One year in advance before the end of the lease, the lessor needs not only to find a new lessee and research its needs, but also order reconfiguration kits from the OEM. The latter is particularly exposed to risks: considering that manufacturers’ lead time is getting longer every year, and not forgetting the seasonal factor in the maintenance industry, the main challenge is to implement the aircraft reconfiguration project with minimal downtime – a project which requires deep competence in terms of the scope of the work and time management.
“Understandably, due to technical and legal complexity of the issue, many investors avoid dealing with aircraft on the secondary market or those which are stored, for example, due to the owner’s insolvency.
Some assets may also be parked if their operator goes default, but for an asset developing investor this is an opportunity to get an aircraft with a market price discount, invest into the aircraft’s resource and airworthiness restoration, and reintroduce it to the market,” explains Romualdas Legetavicius.
According to the expert, in case the operator becomes insolvent, the owner has to send a team of competent specialists to the actual location of the aircraft in order to determine its condition and arrange the necessary work to restore the aircraft’s airworthiness. The team also takes over all the technical documentation from the current operator and works closely with aviation authorities to obtain necessary permits for ferry flights, as well as aircraft re-registration and airworthiness restoration for operations in another jurisdiction. Such circumstances require prompt reaction from the owner as every single day burns dozens of thousands of dollars in downtime. In case if the team’s dispatch is delayed, it may also complicate and prolong the paperwork related to legal and technical processes.
Luckily, the majority of lessees don’t have any major financial issues, but there might be difficulties with the aircraft redelivery, since it is a very time-consuming and resource-intensive process that also requires close and well-coordinated cooperation with the aircraft’s owner and, potentially, its manufacturer. Amongst other, the airline has to restore the aircraft’s technical resources according to redelivery conditions. Unfortunately, in some cases maintenance works are not documented properly. Thus, if the aircraft’s owner doesn’t maintain firm control over its assets’ maintenance, the aircraft’s airworthiness restoration can take up to 12 months and $2-3mln in unscheduled maintenance works and lost profit.

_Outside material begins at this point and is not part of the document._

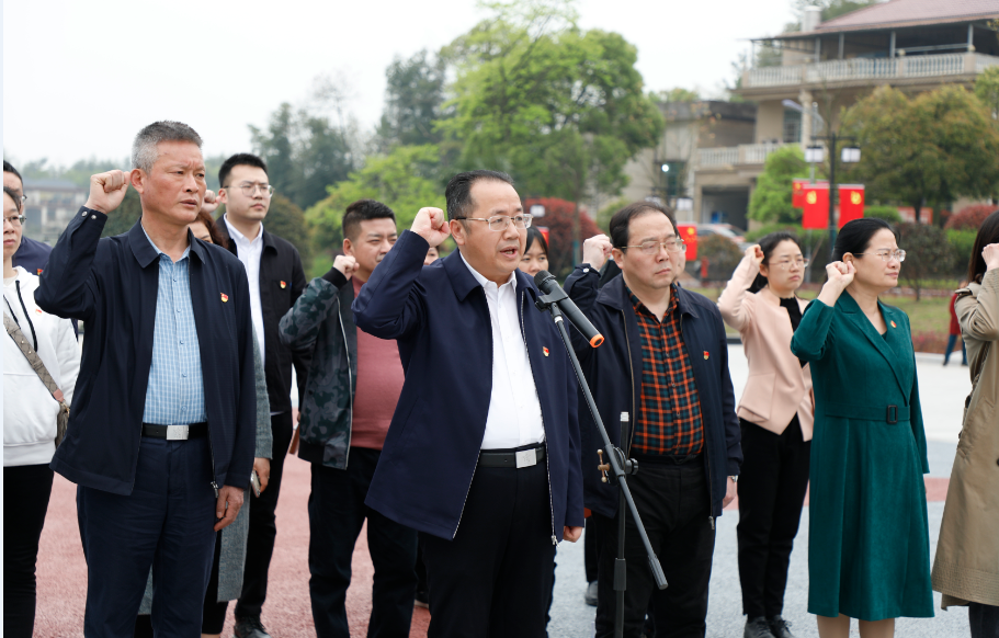 聂方红一行伫立在在杨得志将军铜像前,缅怀革命先烈,在他的带领下,全体党员整齐列队,面向鲜红的党旗,高举右拳,以饱满的精神状态、洪亮的声音重温入党誓词。

“As once stated by the aircraft leasing patriarch Steven Udvar-Hazy, many investors join the aircraft leasing industry with impressive financial resources, but with little understanding of how to handle the asset after its initial lease cycle. In other words, even despite temporary downturns in the airline business, the aircraft leasing market always have a room for new investments – subject they understand what they are investing in,” concludes the CTO of AviaAM Leasing.